Experience has taught me that I can sometimes feel areas of stagnation in a person's energy field by moving my hands a few inches above their body and looking for areas that feel denser and harder to move my hands over. I found one such area in Alex's right lung and kept my hand still as I tried to understand what I was feeling. It was, I realized, a feeling of foreboding.

I must have looked worried, because Alex took notice. "Oh, I forgot to mention it, but that is a spot that feels a bit painful," he said. He described the discomfort as "a deep ache." He went on to say that he was doing his best to rest and recover because he was scheduled to travel to Europe the following day for work.

"You can't take a flight tomorrow without seeing your doctor first," I said with some force. I surprised even myself with the sharpness of my tone. I felt dread as I said it, but I couldn't name why exactly, and soon, I was doubling back, trying not to sound so dire. "I mean, I think it's important that you tell your doctor that the round of antibiotics didn't help," I said, trying to ground my response in reason. "And you should have him take a look at your lungs. You shouldn't still be experiencing pain."

I'd known to give him that advice medically, yes, but my feeling of unease was also coming to me as strong intuition. My fear felt so disproportionate and overwhelming in that moment that I believe I wasn't picking up information from just Alex, but also from the field in which we are all connected.
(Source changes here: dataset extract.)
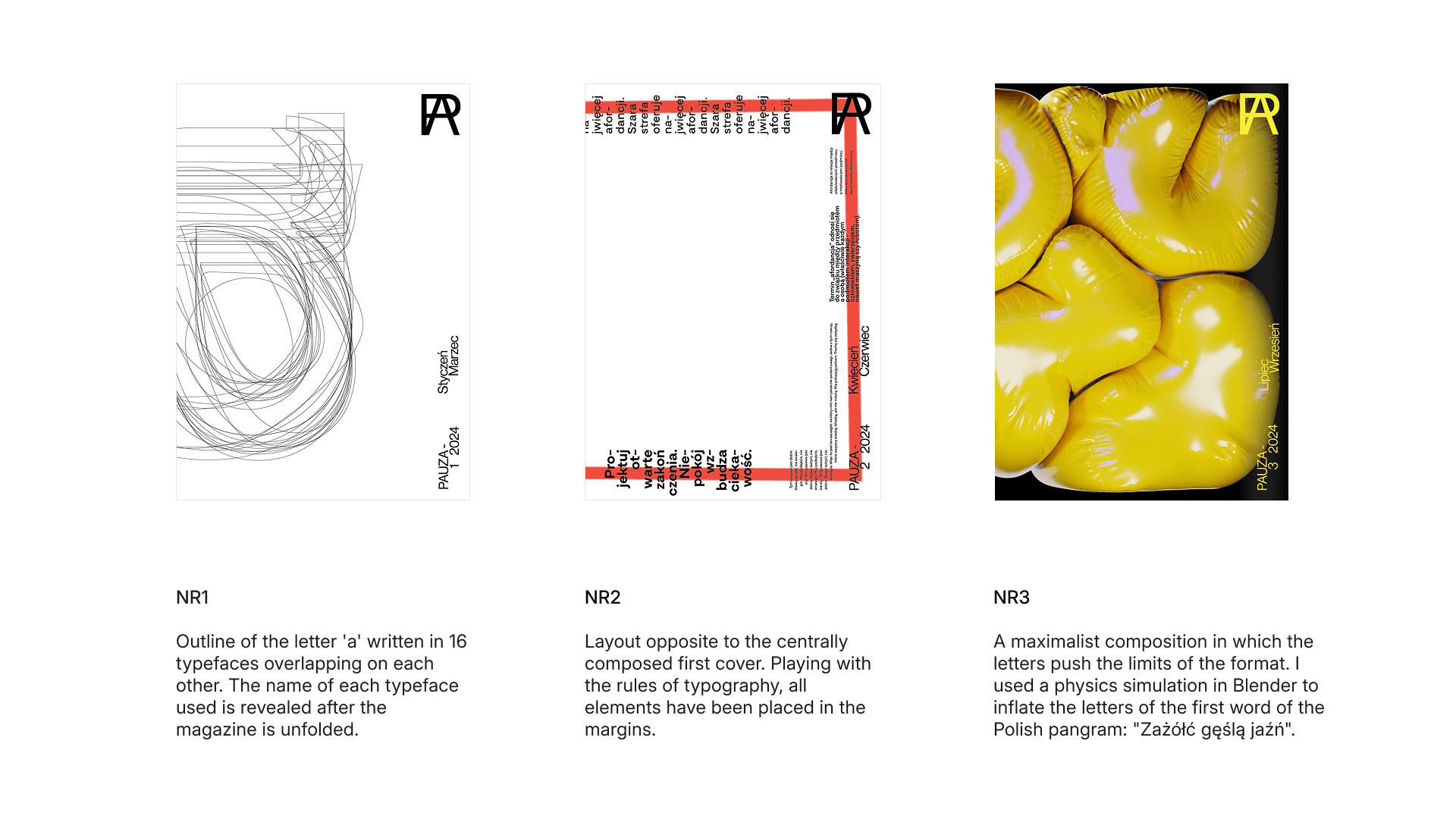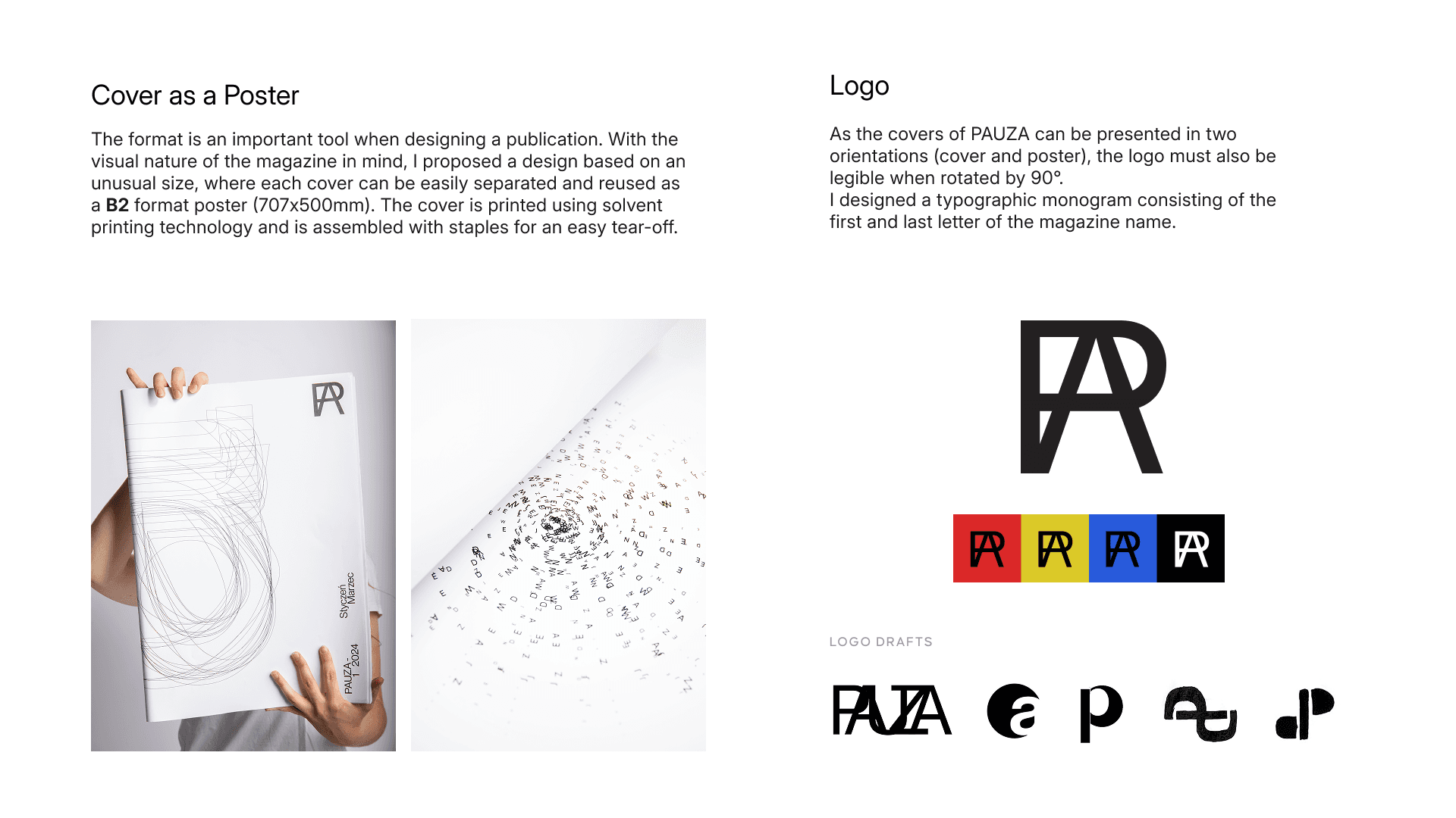 A series of covers for the typographic magazine PAUZA. I designed the visual identity including the logo and a series of the first three covers of the quarterly magazine. PAUZA is a magazine of strong visual impact. It is based on providing inspiration, promoting good design practices and a general visual culture.

That night, Alex's wife called me from the hospital, where they were keeping him overnight for observation. He had dutifully visited his doctor that afternoon and discovered that he'd been misdiagnosed with pneumonia. Instead, his symptoms were caused by a pulmonary embolism, a blockage in one of the arteries in his lungs. Alex's doctor explained to him that he could have had a heart attack from the restriction of blood flow in his lungs if Alex had gotten on a plane.

I understand how odd a story like this can sound to people. In fact, I often wonder if some of these things really happen in the way that I remember them. Over time, I can poke holes in these stories, small punctures that let the air out of them, flattening them into more rational thought. Yet each time I have an experience like this — and something inevitably occurs to revive my sense of the extraordinary — it takes me another step toward understanding the web of energetic connections that underpins our ability to heal ourselves as well as each other.

The body is intelligent in ways that can be prompted and harnessed. I try to honor that intelligence in a way that is grounded in science but doesn't undervalue the mystery that always seems to be just outside our reach.